# FreeBSD intermittently stops forwarding packets



## Amerlok (Feb 9, 2010)

This may seem impossible but I have been working for over three weeks on a FreeBSD machine setup as a gateway.  Several times during the day, Internet access from the internal network just stops.  No DNS, no pings, nothing.  After a few minutes, it comes back.

I have tried ALTQ with priq, cbq and finally hfsc.  I have tried kernels with and without device polling.  Finally, today we got a good HFSC configuration and were in the middle of a test with some heavy Internet traffic when the problem came up again.

netstat -id showed no drop packets.

netstat -m looked ok.

I could ping yahoo.com from the gateway but not from the internal network.  On the gateway, tcpdump showed the packets coming in on the internal interface but nothing going out on the external interface.

When I toogled packet forwarding (sysctl -w net.inet.ip.forwarding=0 / sysctl -w net.inet.ip.forwarding=1), the problem disappears.
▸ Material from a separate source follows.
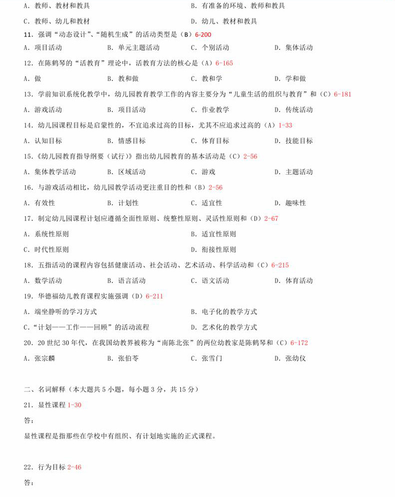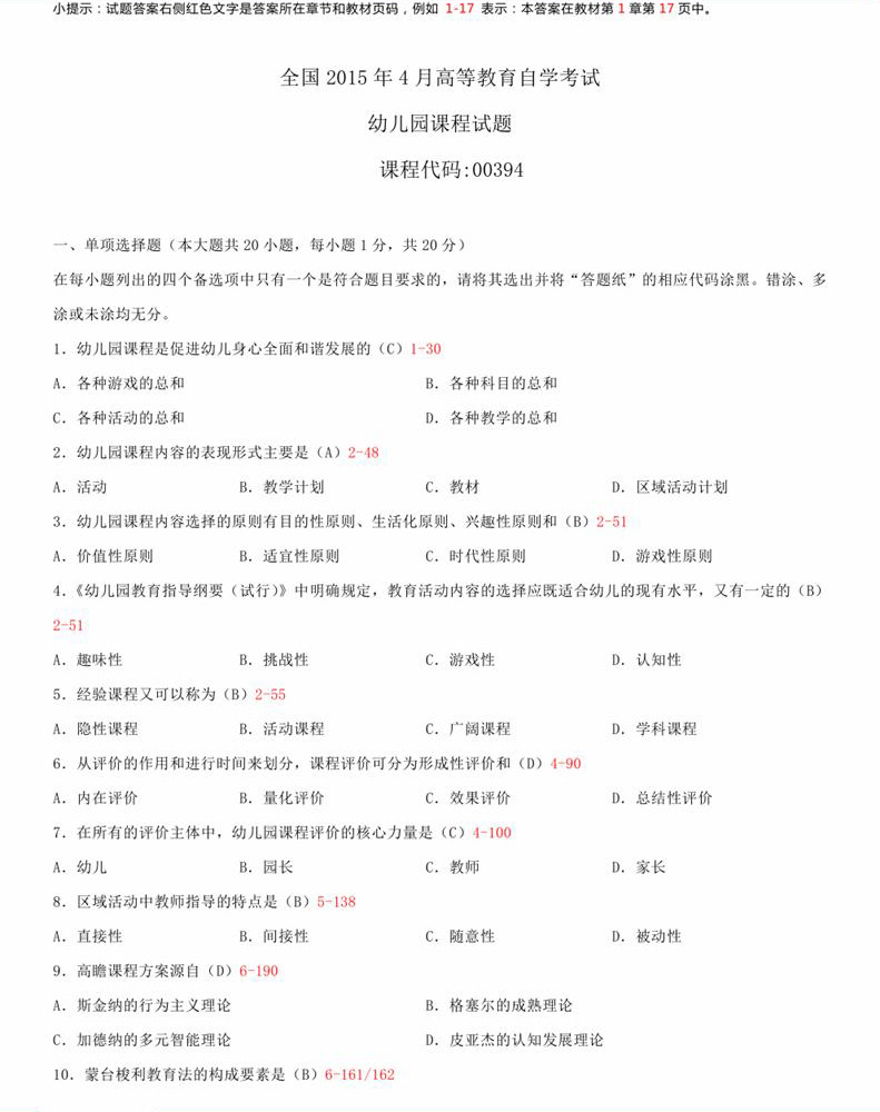 2015年04月贵州省自学考试00394幼儿园课程真题及答案

I am running FreeBSD 7.2-p6 with a Marvel NIC (msk0) as the internal interface and a D-Link NIC (rl0) as the external one.

I am curious.  Has anyone else seen this problem or has any idea where I can start looking for why packet forwarding is hanging?


----------



## aragon (Feb 9, 2010)

Interesting.  Sounds like a bug to me.  Is it possible to run the gateway with traffic shaping and/or firewalling disabled for a while to see if it happens again?

I think you should log a PR too.


----------



## Amerlok (Feb 10, 2010)

I have tried with traffic shaping off.  The problem persists.

Turning off PF is not a possibility because the machine is in production.

I was thinking that it could be a driver/hardware issue.  msk0 is on the board but it will not do polling.  rl0 is in an old D-Link card in the PCI slot.  Today, I am going to try to replace them with a dual-port Intel card in a PCI-Express slot.


----------



## aragon (Feb 10, 2010)

Have you tried disabling and re-enabling PF when it happens?  And/or flushing its ruleset and reloading it?


----------



## Amerlok (Feb 11, 2010)

Disabling PF is not an option (unless I rebuild the machine with something else).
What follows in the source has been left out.